David again gathered all the chosen men of Israel, thirty thousand. David and all the people with him set out and went from Baale-judah, to bring up from there the ark of God, which is called by the name of the Lord of hosts who is enthroned on the cherubim. They carried the ark of God on a new cart, and brought it out of the house of Abinadab, which was on the hill. Uzzah and Ahio,[the sons of Abinadab, were driving the new cart with the ark of God; and Ahio went in front of the ark. David and all the house of Israel were dancing before the Lord with all their might, with songs and lyres and harps and tambourines and castanets and cymbals.
When they came to the threshing-floor of Nacon, Uzzah reached out his hand to the ark of God and took hold of it, for the oxen shook it. The anger of the Lord was kindled against Uzzah; and God struck him there because he reached out his hand to the ark; and he died there beside the ark of God. David was angry because the Lord had burst forth with an outburst upon Uzzah; so that place is called Perez-uzzah to this day…
…So David went and brought up the ark of God from the house of Obed-edom to the city of David with rejoicing; and when those who bore the ark of the Lord had gone six paces, he sacrificed an ox and a fatling. David danced before the Lord with all his might; David was girded with a linen ephod. So David and all the house of Israel brought up the ark of the Lord with shouting, and with the sound of the trumpet. As the ark of the Lord came into the city of David, Michal daughter of Saul looked out of the window, and saw King David leaping and dancing before the Lord; and she despised him in her heart.
…David returned to bless his household. But Michal the daughter of Saul came out to meet David, and said, ‘How the king of Israel honoured himself today, uncovering himself today before the eyes of his servants’ maids, as any vulgar fellow might shamelessly uncover himself!’ David said to Michal, ‘It was before the Lord, who chose me in place of your father and all his household, to appoint me as prince over Israel, the people of the Lord, that I have danced before the Lord. I will make myself yet more contemptible than this, and I will be abased in my own eyes; but by the maids of whom you have spoken, by them I shall be held in honour.’ And Michal the daughter of Saul had no child to the day of her death.
David was a pretty boy. When Samuel picked him out to succeed Saul as King he was the Cinderella of the family – left on the hillside to keep the sheep while his elders and betters met the prophet in Jesse’s house at Bethlehem. He became Prince Charming – red-haired, beautiful eyes and handsome (1 Samuel 16). He ruled for 40 years through good times and bad, always a charmer, especially with other men’s wives. Senior Citizens like me saw the movie: “David and Bathsheba” (Gregory Peck and Susan Hayward 1951). David was chosen to do God’s work not because he was a saint but because he knew in his heart that he was God’s servant before he could be Israel’s king, whether he liked it or not, We are chosen too.

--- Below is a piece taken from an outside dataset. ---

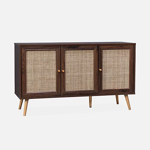 Wooden legsScandi style compass legs3 door sideboardOur Bohemian collection has been designed to bring a natural vintage feel to your home with rattan furniture. The character of the wood finish blends perfectly with the simplicity of the rattan which adds a touch of elegance to the furniture. Coffee table TV stand bedside table… This collection offers you a selection of storage furniture to decorate your home with an air of lightness.Introduce a little bohemian spirit to your home decor with this charming bohemian sideboard. It will look great in your home or office! Its Scandi style compass legs add a retro look that will quickly become the new centrepiece of whichever room you place it in.Not only stylish but this 3 door sideboard also offers plenty of storage space perfect for your living room or dining room. Inside the 2 shelves allow you to optimise the storage and organise your dishes glasses table linen and more. Its 5 legs (including a central reinforcing leg) give it strength and stability.Panels: Laminated panelsDoors: Cane rattan detail2 shelvesNumber of legs: 5 with a central reinforcement legPanel thickness: 1.5cmWeight: 25.4kgMaximum weight supported: 50kgLeg height: 16cm dimensions: L120 x W39 x H70cmStorage space: L76.5 x W37 x H24cm / L76.5 x W37 x H24.5cm / L37.7 x W37 x H24cm / L37.7 x W37 x H24.5cmShelves: L76.5 x W37cm / L37.7 x W37cmDoors: L38.4 x H49cm

David “danced before the Lord” with all his people – the cymbals, tambourines, and harps joined in. You don’t get that in “Strictly”. David danced before the Lord, not the Ark. The Ark was only the symbol of God’s presence, accompanying Israel on their wanderings and battles. Their neighbours and enemies had special places where the gods lived: sacred shrines and special stones. But Israel’s God was everywhere and anywhere. The Ark was their reassurance; it was powerful (see “Raiders of the Lost Ark”) but not the reality, David knew that, and that was why he danced wearing nothing more than a linen ephod, not like a king, but like a priest, a servant of God, much to his straight-laced wife’s disgust, David knew it was better to dance for joy in your boxers than pretend to be what you are not. Reflect on this moment in the great story of our deliverance, from the house of Jesse in Bethlehem and on to Jerusalem to find the King of Kings dancing to his cross so that we might be the forgiven and redeemed people of God (“The Greatest Story Ever Told” Technicolour 1965).
Seven whole days, not one in seven, I will praise Thee, In my heart, though not in heaven, I can raise Thee; Small it is in this poor sort to enrol Thee, E’en eternity’s too short to extol Thee
The Rev’d Peter Moth is a retired minister in the Northern Synod and a member of St Andrew’s URC, Kenton, Newcastle upon Tyne.